Choice 2: You will be given $100,000 as a lump sum. This obviously presents some problems: Each year, you must decide how much of this you can withdraw to use for living expenses. You must decide how much liquidity you need, how much safety you need, how much risk you need to take to meet the threat of inflation. There is the possibility that the assets will run out while you are still living. On the other hand, your fate is under your own control. If you die with assets remaining, there is a death benefit. If you invest and do well, you may more than make up for inflation.

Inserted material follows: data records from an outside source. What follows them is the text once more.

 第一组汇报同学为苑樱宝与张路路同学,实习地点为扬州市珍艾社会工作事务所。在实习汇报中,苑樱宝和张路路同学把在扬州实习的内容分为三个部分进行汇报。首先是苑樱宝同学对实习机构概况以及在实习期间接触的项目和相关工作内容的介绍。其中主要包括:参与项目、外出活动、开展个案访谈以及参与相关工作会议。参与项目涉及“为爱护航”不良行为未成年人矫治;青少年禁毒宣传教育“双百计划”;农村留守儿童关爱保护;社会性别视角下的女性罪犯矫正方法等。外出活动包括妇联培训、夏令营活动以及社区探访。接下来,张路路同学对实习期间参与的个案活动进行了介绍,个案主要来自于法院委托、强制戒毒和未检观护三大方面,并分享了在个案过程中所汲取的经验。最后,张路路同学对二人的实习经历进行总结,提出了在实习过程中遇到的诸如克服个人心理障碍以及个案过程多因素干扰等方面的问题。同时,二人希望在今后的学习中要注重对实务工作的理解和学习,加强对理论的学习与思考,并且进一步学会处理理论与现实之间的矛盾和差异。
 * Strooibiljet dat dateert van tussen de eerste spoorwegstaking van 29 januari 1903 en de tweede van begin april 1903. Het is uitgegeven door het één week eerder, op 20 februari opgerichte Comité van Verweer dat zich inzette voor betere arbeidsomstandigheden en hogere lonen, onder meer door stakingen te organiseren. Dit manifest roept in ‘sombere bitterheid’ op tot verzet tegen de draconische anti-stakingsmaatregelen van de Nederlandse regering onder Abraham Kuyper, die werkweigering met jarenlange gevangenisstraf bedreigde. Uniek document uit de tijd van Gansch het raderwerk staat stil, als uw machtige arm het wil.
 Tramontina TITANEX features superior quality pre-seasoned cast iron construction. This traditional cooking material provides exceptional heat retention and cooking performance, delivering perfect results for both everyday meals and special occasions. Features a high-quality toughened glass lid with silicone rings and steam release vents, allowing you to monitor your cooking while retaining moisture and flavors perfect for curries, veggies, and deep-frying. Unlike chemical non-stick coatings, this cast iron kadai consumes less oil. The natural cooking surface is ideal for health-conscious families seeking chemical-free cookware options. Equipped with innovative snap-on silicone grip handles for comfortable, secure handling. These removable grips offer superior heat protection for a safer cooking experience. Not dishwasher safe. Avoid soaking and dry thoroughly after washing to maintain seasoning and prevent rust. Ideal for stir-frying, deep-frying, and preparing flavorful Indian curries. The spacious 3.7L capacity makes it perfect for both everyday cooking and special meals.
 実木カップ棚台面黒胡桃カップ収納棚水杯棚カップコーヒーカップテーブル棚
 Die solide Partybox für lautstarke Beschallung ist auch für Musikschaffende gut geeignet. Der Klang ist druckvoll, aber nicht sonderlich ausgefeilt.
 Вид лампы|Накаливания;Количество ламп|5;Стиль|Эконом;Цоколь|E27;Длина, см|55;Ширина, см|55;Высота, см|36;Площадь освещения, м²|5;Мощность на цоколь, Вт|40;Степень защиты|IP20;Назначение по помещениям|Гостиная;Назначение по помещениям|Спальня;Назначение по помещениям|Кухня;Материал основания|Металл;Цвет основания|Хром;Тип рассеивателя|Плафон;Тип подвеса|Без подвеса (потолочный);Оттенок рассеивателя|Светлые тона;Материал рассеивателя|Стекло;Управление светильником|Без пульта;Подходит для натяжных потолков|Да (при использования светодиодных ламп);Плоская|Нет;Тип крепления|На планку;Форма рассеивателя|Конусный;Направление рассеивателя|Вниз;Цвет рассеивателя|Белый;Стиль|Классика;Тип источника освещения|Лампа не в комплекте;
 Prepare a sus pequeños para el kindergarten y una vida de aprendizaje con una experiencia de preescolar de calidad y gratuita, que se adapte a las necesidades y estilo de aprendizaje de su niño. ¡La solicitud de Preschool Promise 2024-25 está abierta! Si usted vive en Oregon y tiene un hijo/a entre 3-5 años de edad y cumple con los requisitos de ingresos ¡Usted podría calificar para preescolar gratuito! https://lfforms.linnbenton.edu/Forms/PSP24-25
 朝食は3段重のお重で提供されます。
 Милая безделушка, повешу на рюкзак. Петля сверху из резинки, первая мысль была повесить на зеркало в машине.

So, jlf, for you personally (not what would be good for others), if you only had 1 source of retirement income, would you prefer a life annuity valued at $200,000, or a lump sum of $100,000?

Posted

Pax; A wage freeze at the discretion of the employer would be unthinkable! Why?, because of lost purchasing power. When it comes, however, to our retired brothers and sisters a pension income freeze doesn't seem to matter because they have been "pensioned off". This is how we treat our second class citizenry.

The solution to the problem is to provide a CHOICE of plans. I venture to say that personal savings from take-home-pay is not as important to one's overall financial plan if one partipates in a DC plan rather than a DB plan. This is so because the DC account is a wealth builder as well as an income provider. BUT WE ALL RECOGNIZE THIS, DON'T WE?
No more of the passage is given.